Output all of the data exactly as it appears, but leave out any pictures it contains.

Segment Start: SUPPLIED INFORMATION

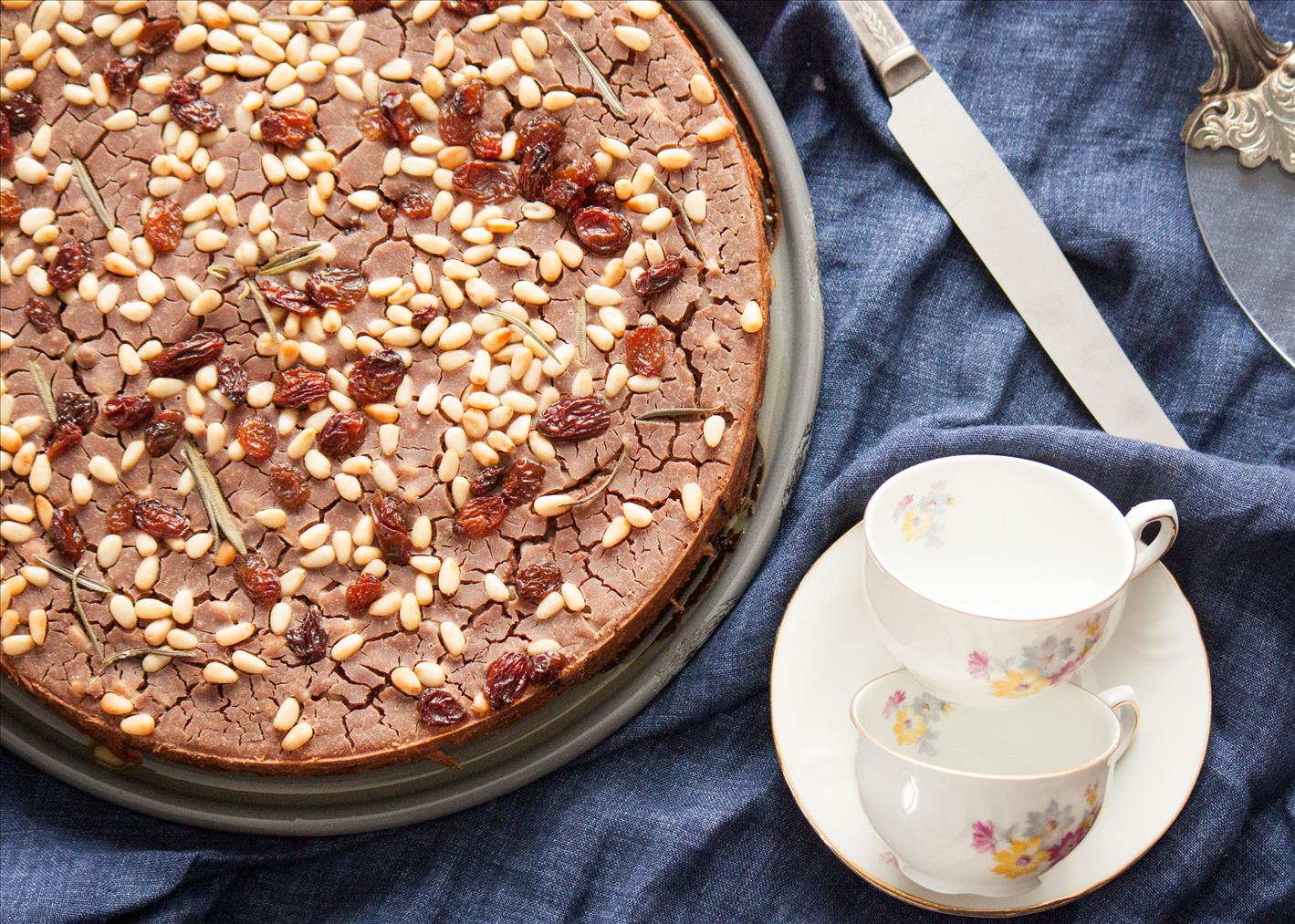 Servite il castagnaccio cospargendo la superficie con una manciata di noci e pinoli.
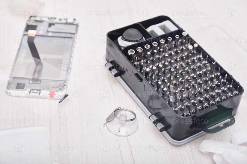 Крупный план набора отверток в черной коробке, перчаток, сломанного смартфона и набора инструментов для замены стекла телефона и планшета
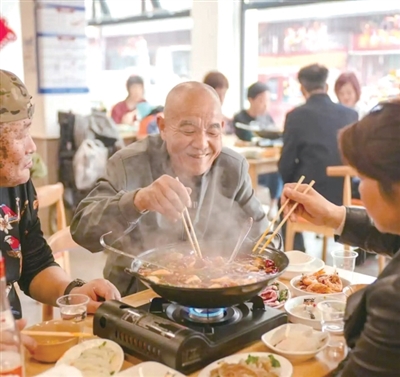 老人在社区食堂吃火锅 湖墅街道供图
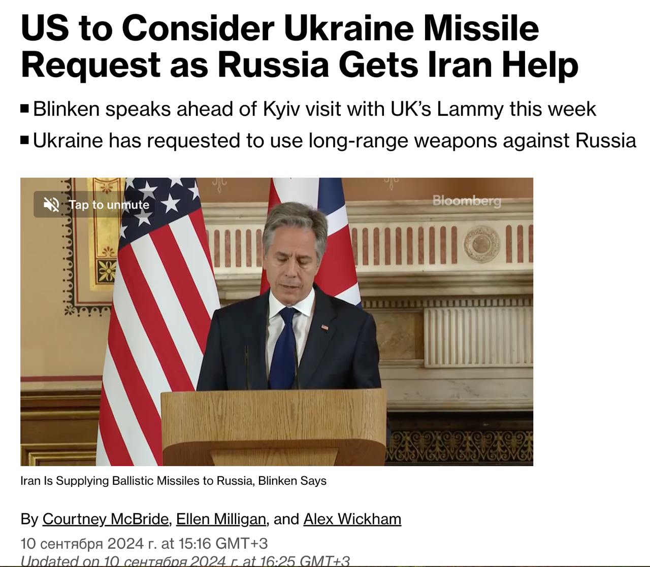 Bloomberg приводит слова Блинкена, который подтвердил, что Иран передал РФ партию своих ракет Fath-360 и заявил, что теперь Вашингтон и Лондон "рассмотрят и выслушают" просьбу Украины снять ограничения.

Segment End: SUPPLIED INFORMATION

• [RESPONSE TO THE TASK]:
 Servite il castagnaccio cospargendo la superficie con una manciata di noci e pinoli.
 Крупный план набора отверток в черной коробке, перчаток, сломанного смартфона и набора инструментов для замены стекла телефона и планшета
 老人在社区食堂吃火锅 湖墅街道供图
 Bloomberg приводит слова Блинкена, который подтвердил, что Иран передал РФ партию своих ракет Fath-360 и заявил, что теперь Вашингтон и Лондон "рассмотрят и выслушают" просьбу Украины снять ограничения.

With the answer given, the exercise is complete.